Is this model of research open to multi-polar worlds where you have more complex interactions? If we are talking about automated alignment science and not engineering why is there no mention of theories of science?

I don't know if this is helpful or not, it could just be the case that you're strictly aiming for a scalable oversight single agent scenario and that you find it justified to simplify the model to an engineering problem here. I hope that this might be somewhat useful for you to potentially think about? (It also feels a bit weird to mention this to you when you wrote a paper on it being harder than you think but that is precisely why I thought you might be receptive to some of these thoughts.)
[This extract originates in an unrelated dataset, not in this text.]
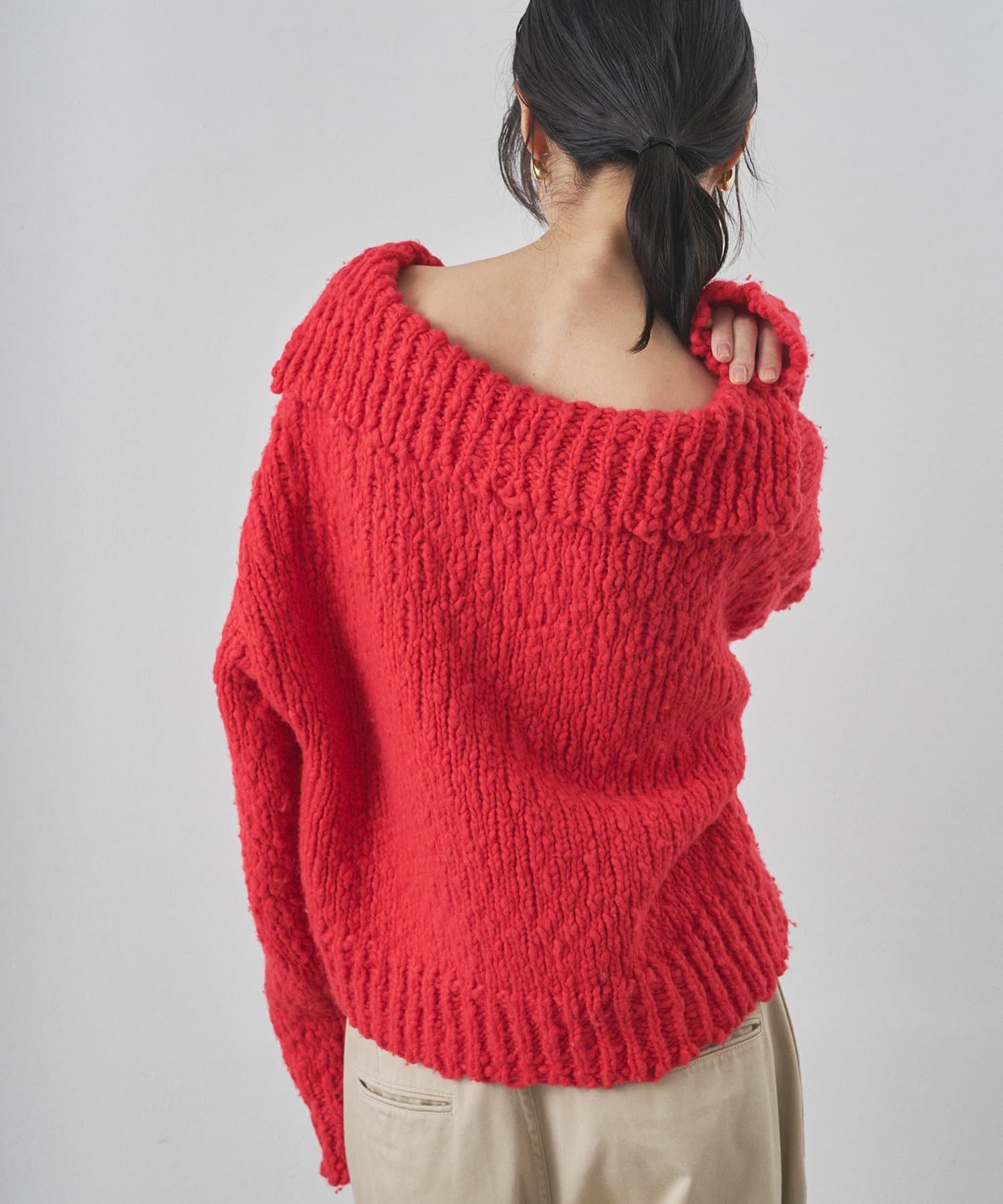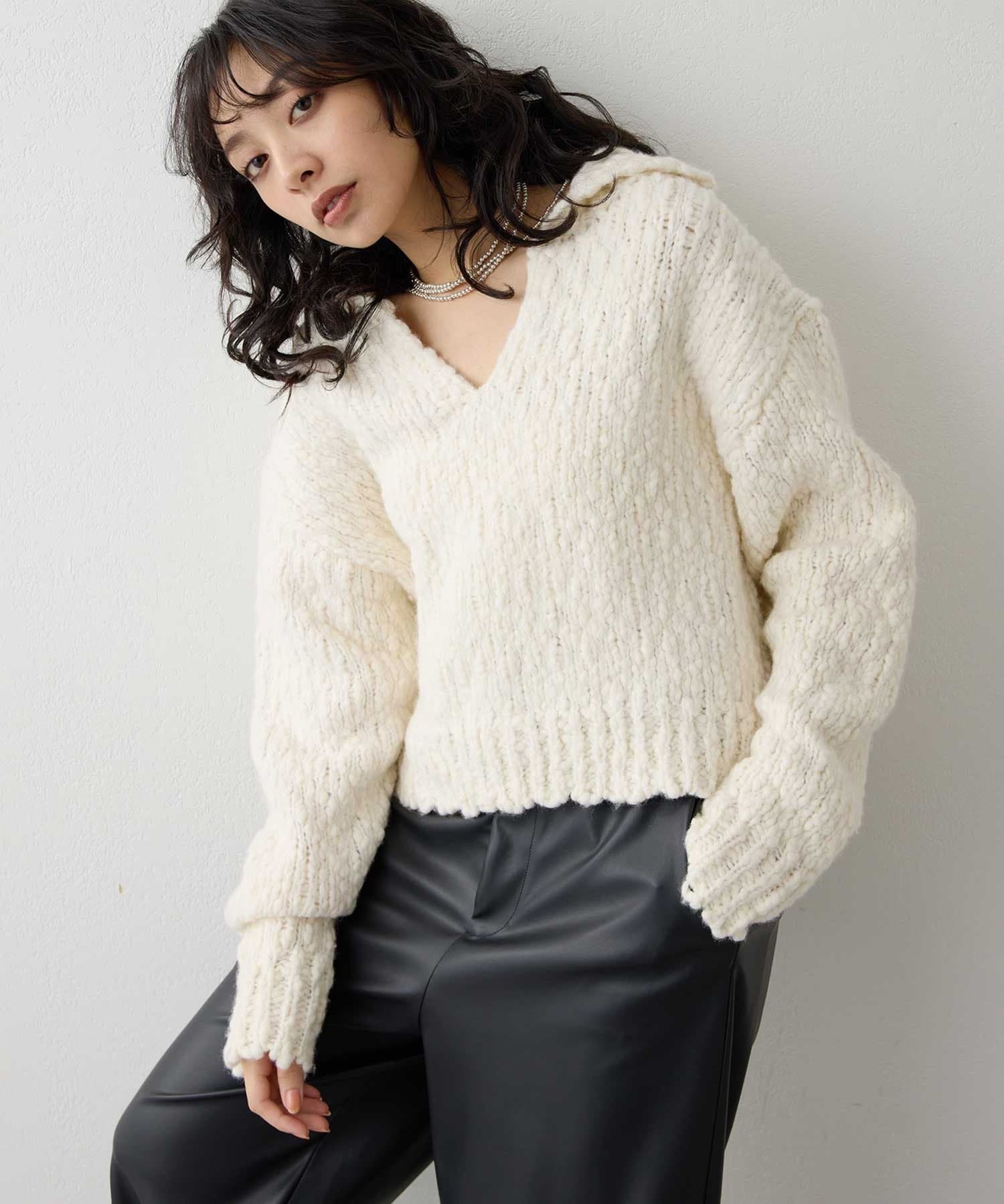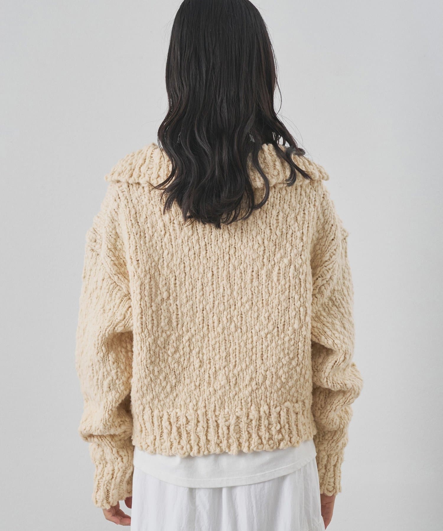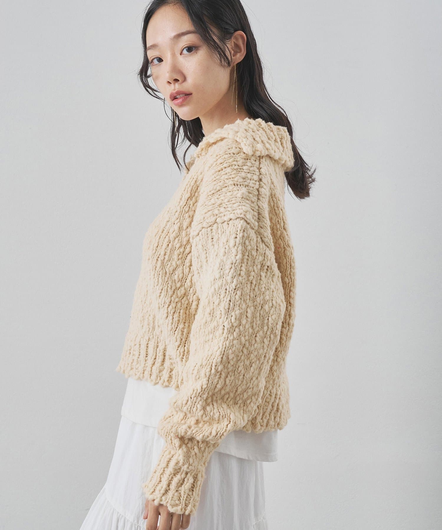 ■ウールロービングのスラブ糸を使用したニットプルオーバー。

I'm glad to see this paper. The difficulties of automating alignment research are well-appreciated by many, but until now I hadn't seen a rigorous attempt to articulate them. This paper is an important contribution.

The point about "Aggregating correlated evidence" is something that gets brought up in finance. Investors routinely get into trouble by treating correlated risks as if they're independent. I had never thought about that in the context of safety evaluations, but it makes perfect sense.